Today, it is hard to imagine any entrepreneur investing capital sufficient to create a viable deep seabed mining operation. The underwater environment is forbidding, in ways potentially as challenging as space. The great depths, incredible pressure, and uneven seabed already make the creation of a workable, let alone an economical, mining operation extremely difficult. The Law of the Sea Treaty would only make it more so.
Losing access to the ocean floor’s plentiful resources could be costly, especially in the future as land-based supplies wane. Equally significant would be the cost of discouraging the development of technologies to explore and develop the seabed.
The Law of the Sea Treaty retains its coercive, collectivist philosophical underpinnings. It will have a negative impact on entrepreneurship even if no mining ever occurs. The worst principle is the declaration that all seabed resources are mankind’s “common heritage” under the control of a majority of the world’s nation states. American ratification would help validate some of these discredited collectivist principles.

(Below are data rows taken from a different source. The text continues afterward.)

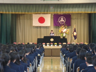 学び舎小学校の校長先生方や地域の方々をはじめとした御来賓の皆様、新入生保護者の皆様、在校生が、新入生の入学を祝福しました。新入生の一人ひとりが、夢と希望を実現するための中学校生活をよりよく過ごしてほしいと思います。応援します。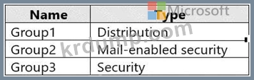 다음 표에 표시된 그룹이 포함된 Microsoft 365 테넌트가 있습니다.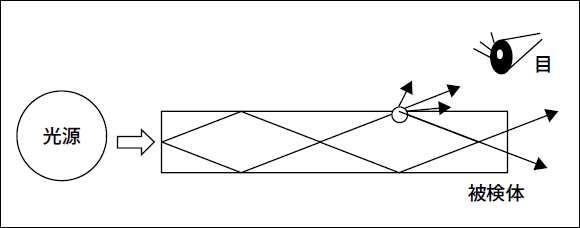TFTやPDPガラスの微妙な表面のキズを見ます。光が検査体の中を通過するとき、キズの部分で乱反射を起こすため、その部分が輝いて見えます。
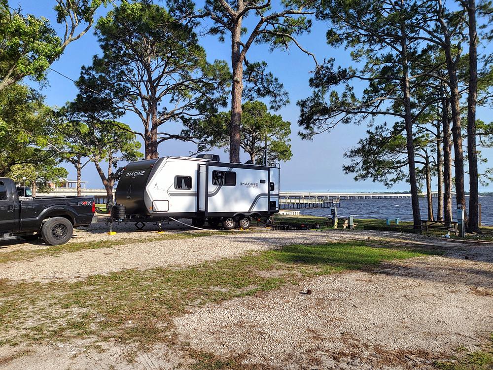 It has theater seating and a booth dinette that converts to a bed, LED HDTV with internet, JBL bluetooth enabled stereo system - like for Pandora or iPad sound. We installed backup camera on top back of trailer to make backing into camping spots easier and for watching traffic behind you. The tow package with sway bars we bought for our truck is included. The front queen-size bed has a privacy curtain that you can draw to create a semi-private bedroom. The 18' electric awning has LED lights. Plugs for electric, gas, and water sprayer are also outside under the awning area, and stereo speakers. A full-size tire is under the camper, and lots of lighted storage. Dual axles. Extra lengths of expandable tubing to reach septic areas are cleverly hidden under the trailer.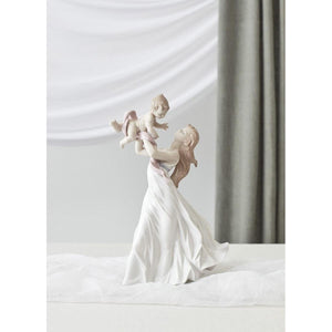 - Glossy porcelain figurine of a mother lifting her baby with a loving gesture in a long white folded dress.

Moreover, the treaty could set a bad regulatory precedent for the commercial development of space. Subjecting private space exploration and development to a similar regulatory system would discourage private ventures.
By punishing entrepreneurship directed at transforming the great “frontiers” of the oceans and space, the Law of the Sea Treaty threatens potentially enormous losses well into the future.
A quarter of a century ago, President Reagan’s refusal to sign the Law of the Sea Treaty left some critics predicting chaos and combat on the high seas. Yet we have witnessed not one incident as a result of the failure to implement the treaty.
Biasing the process against economic development globally would have profound impacts on all peoples, and especially those in the poorest lands who most need the results of economic growth, international investment and trade, and globalization.
A secure economic environment would be particularly important for entrepreneurs entering high-risk investment fields, notably underwater and in space, where the viability of the very process, let alone the security of the expected profit, would be in doubt.
Contrary to the claims of treaty supporters, the 1994 revisions did not “fix” the agreement. LOST remains captive to its collectivist and redistributionist origins, it would still establish an unjust and unworkable seabed mining regime.
Arthur Clark, the famed author, once wrote a futurist book called The Deep Range which dealt with one scenario for the development of the oceans in the 21st Century. In his book, the oceans had largely been privatized with sonic underwater fences separating one “pasturage” from another. It was a productive world. Efforts are now underway to realize that creative institutional extension today and this offers a far more effective way of realizing the hopes of LOST’s proponents. It is indeed important that we no longer neglect the critical but now largely barren two-thirds of our planet. But that admirable goal should lead us to act hastily, to sacrifice a vastly superior approach simply to join a deeply flawed global consensus. America, following Reagan’s lead, should once again \ tell LOST proponents to get lost.
Thank you for your time and I look forward to your questions.